Directions:
Write the entries out again exactly as they stand, but without the pictures.

Collected data:
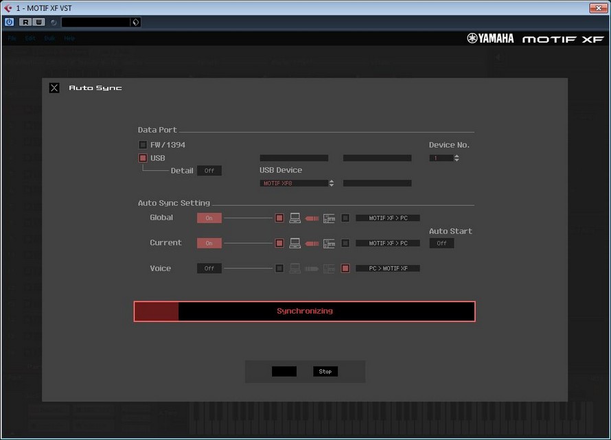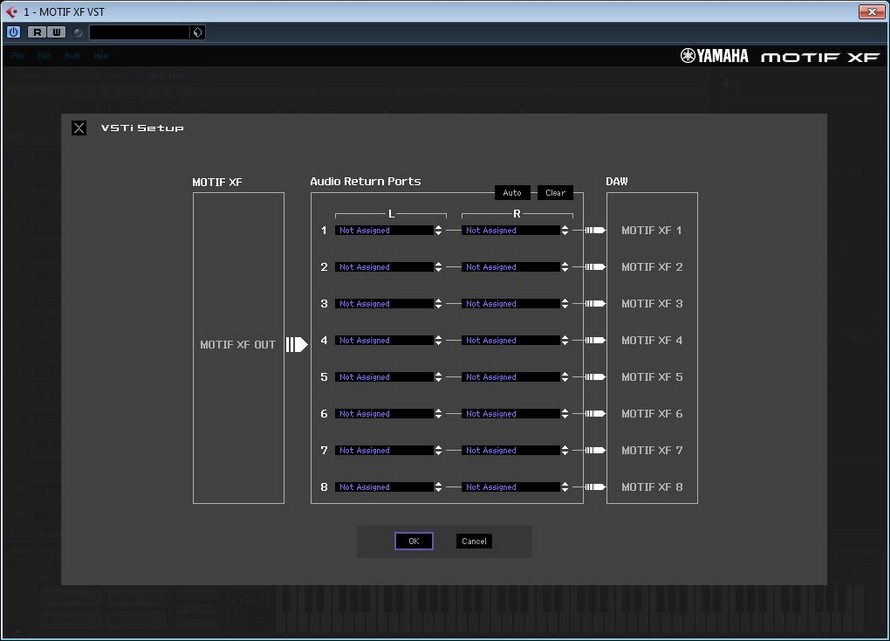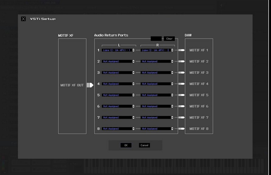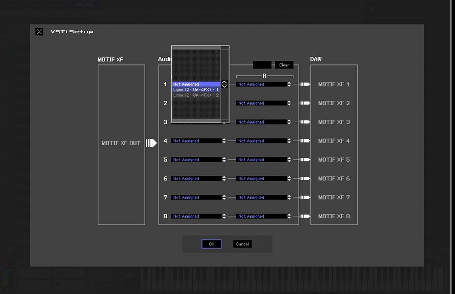 - N'oubliez pas que le VST Editor démontre toute sa puissance lorsqu'il est associé avec l'option firewire du Motif XF et qu'il dispose ainsi de 8 bus audio stéréo ou 14 mono + la sortie L/R FW simultanés, l'enregistrement via une autre carte son permet d'utiliser une partie des capacités du VST Editor.
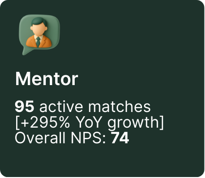 The NPS of 74 highlights both the emotional and practical value of structured mentorship.
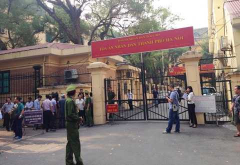 Ngay từ sáng sớm, an ninh trước cổng TAND TP Hà Nội đã được thắt chặt. Phiên xử thu hút sự quan tâm của hàng chúc cơ quan báo, đài. Tác nghiệp tại phiên tòa, các phóng viên được bố trí vào một phòng theo dõi phiên xử qua màn hình ti vi.
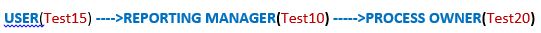 A user (Test15) raised a request and the normal flow is for It to go to the reporting manager (Test10) and if the reporting manager approves it then it will go to the process owner (Test20).
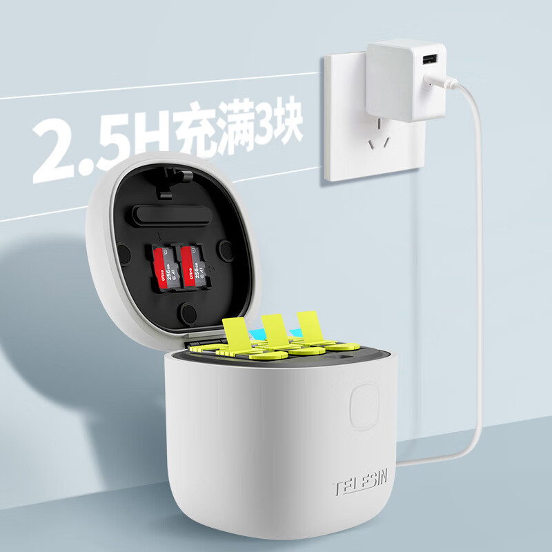 TELESIN适配gopro11电池充电器gopro12电池hero10 9配件2A快充收纳电池内存卡读写 同时三充充电盒价格:251.10元!

Answer:
 - N'oubliez pas que le VST Editor démontre toute sa puissance lorsqu'il est associé avec l'option firewire du Motif XF et qu'il dispose ainsi de 8 bus audio stéréo ou 14 mono + la sortie L/R FW simultanés, l'enregistrement via une autre carte son permet d'utiliser une partie des capacités du VST Editor.
 The NPS of 74 highlights both the emotional and practical value of structured mentorship.
 Ngay từ sáng sớm, an ninh trước cổng TAND TP Hà Nội đã được thắt chặt. Phiên xử thu hút sự quan tâm của hàng chúc cơ quan báo, đài. Tác nghiệp tại phiên tòa, các phóng viên được bố trí vào một phòng theo dõi phiên xử qua màn hình ti vi.
 A user (Test15) raised a request and the normal flow is for It to go to the reporting manager (Test10) and if the reporting manager approves it then it will go to the process owner (Test20).
 TELESIN适配gopro11电池充电器gopro12电池hero10 9配件2A快充收纳电池内存卡读写 同时三充充电盒价格:251.10元!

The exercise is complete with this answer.